» Problem statement: Without the images, write out all of the following entries exactly.

-- Supplied material follows --

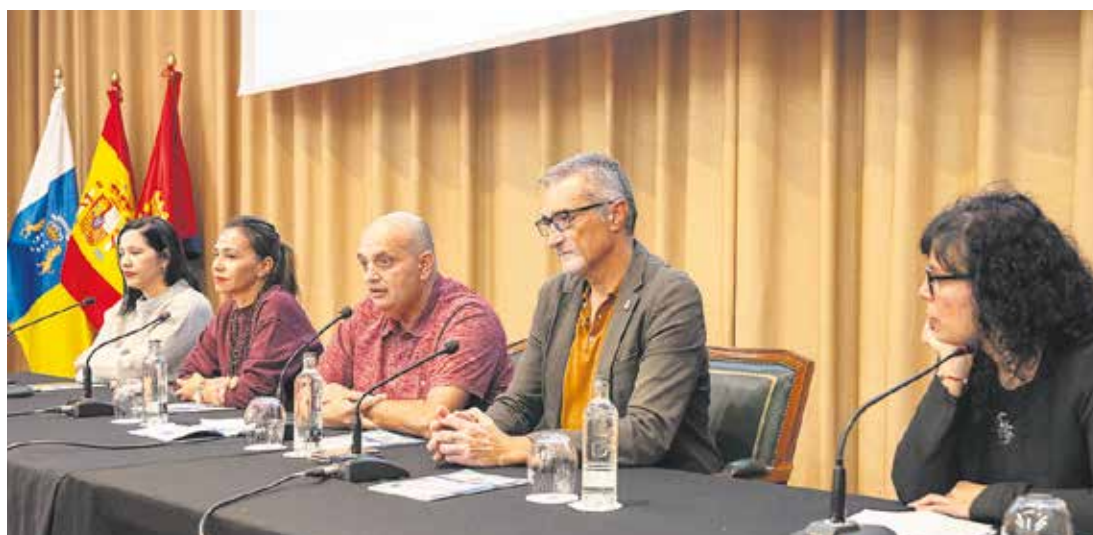
Inauguración de la Jornada.

La tasa de reincidencia de los que pasan primero por el régimen abierto es del 12,6 por ciento y la de los que salen a la calle directamente sin pasar por esa modalidad es de más del doble. Canarias es una de las regiones que se sitúa en la media española de porcentaje de presos con esta modalidad, pero el centro de Tahíche está muy por encima, con un 10 por ciento más que la media. De 419 personas en la cárcel, 113 están en
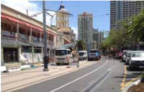
ゴールドコースト LRT 建設現場

5 か所の現場見学の内、最も興味深かったのは、ゴールドコーストの LRT システム建設でした。このプロジェクトは、ゴールドコースト市中心部を縦断し、北は病院および大学、南は空港と結節する全長 13km のクイーンズランド州初となる LRT で、最新の LRT システムの導入や、道路交通との連携、及び安全性の確保の点などから、非常にチャレンジングなプロジェクトです。
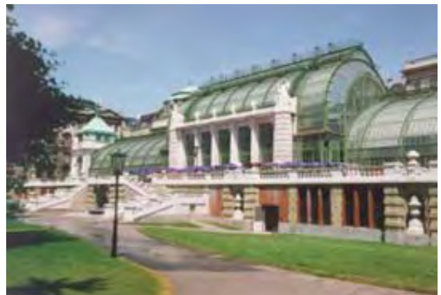
Palmenhaus im Burggarten

Als Denkmäler sind Wolfgang Amadeus Mozart, Kaiser Franz I. Stephan, Kaiser Franz Josef I. und Abraham Santa Clara anzutreffen.
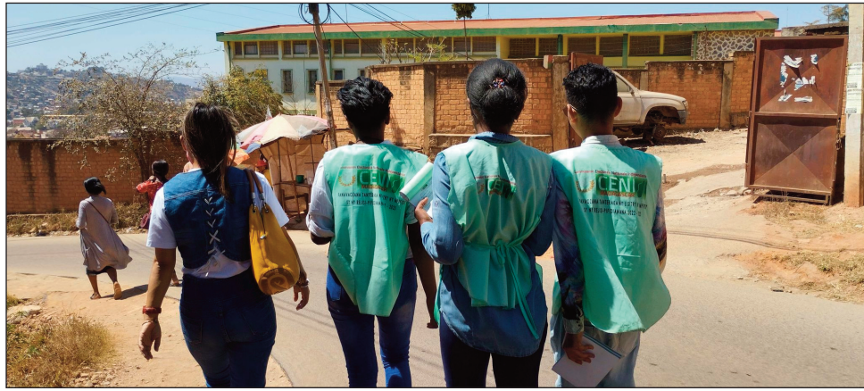
Mitaraina ny mponina any Ambatozavavy Nosy-Be faritra Diana, fa misy fanamparam-pahefana amina tany ataona olom-boafidy any an-toerana.
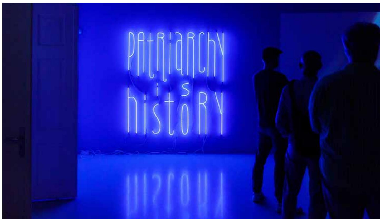
Yael Bartana, Patriarchy is History, 2019. Aankoop collectie Stedelijk Museum Schiedam en SCHUNCK.
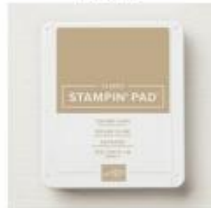
Crumb Cake Classic Stampin' Pad [147116]
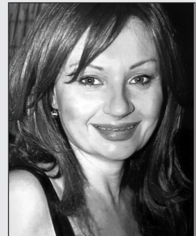
2019 2023 20 gennaio
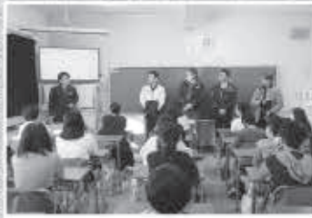
青年部会/所沢支部租税教室
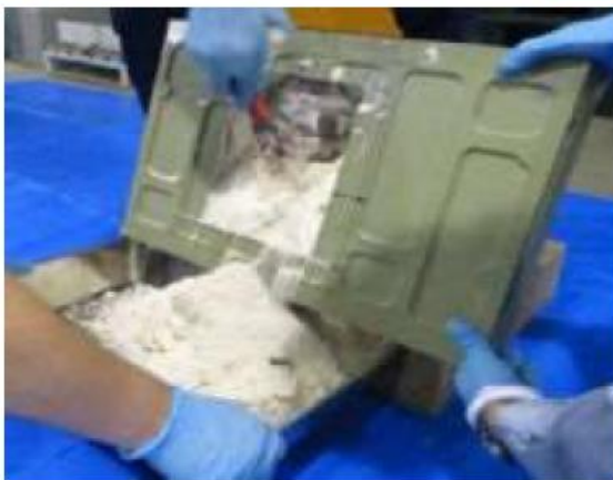
(令和3年8月、東京税関)
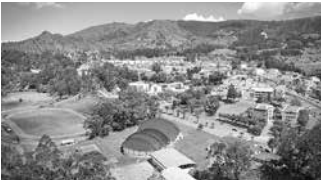
Campus universitario "La Argelia", 1990.

El 23 de febrero de 1960 se dio inicio a la Facultad de Filosofía, Letras y Ciencias de la Educación que contó con las carreras de Filosofía y Letras, Psicología, Educación Parvularia, Licenciatura en las especialidades de Físico-Matemáticas y Químico-Biológicas. Al inicio se trajo un grupo de profesores de la Universidad Central, la mayoría de los cuales se quedaron en Loja.

-- Supplied material concluded --

» Task answer:
Inauguración de la Jornada.

La tasa de reincidencia de los que pasan primero por el régimen abierto es del 12,6 por ciento y la de los que salen a la calle directamente sin pasar por esa modalidad es de más del doble. Canarias es una de las regiones que se sitúa en la media española de porcentaje de presos con esta modalidad, pero el centro de Tahíche está muy por encima, con un 10 por ciento más que la media. De 419 personas en la cárcel, 113 están en
ゴールドコースト LRT 建設現場

5 か所の現場見学の内、最も興味深かったのは、ゴールドコーストの LRT システム建設でした。このプロジェクトは、ゴールドコースト市中心部を縦断し、北は病院および大学、南は空港と結節する全長 13km のクイーンズランド州初となる LRT で、最新の LRT システムの導入や、道路交通との連携、及び安全性の確保の点などから、非常にチャレンジングなプロジェクトです。
Palmenhaus im Burggarten

Als Denkmäler sind Wolfgang Amadeus Mozart, Kaiser Franz I. Stephan, Kaiser Franz Josef I. und Abraham Santa Clara anzutreffen.
Mitaraina ny mponina any Ambatozavavy Nosy-Be faritra Diana, fa misy fanamparam-pahefana amina tany ataona olom-boafidy any an-toerana.
Yael Bartana, Patriarchy is History, 2019. Aankoop collectie Stedelijk Museum Schiedam en SCHUNCK.
Crumb Cake Classic Stampin' Pad [147116]
2019 2023 20 gennaio
青年部会/所沢支部租税教室
(令和3年8月、東京税関)
Campus universitario "La Argelia", 1990.

El 23 de febrero de 1960 se dio inicio a la Facultad de Filosofía, Letras y Ciencias de la Educación que contó con las carreras de Filosofía y Letras, Psicología, Educación Parvularia, Licenciatura en las especialidades de Físico-Matemáticas y Químico-Biológicas. Al inicio se trajo un grupo de profesores de la Universidad Central, la mayoría de los cuales se quedaron en Loja.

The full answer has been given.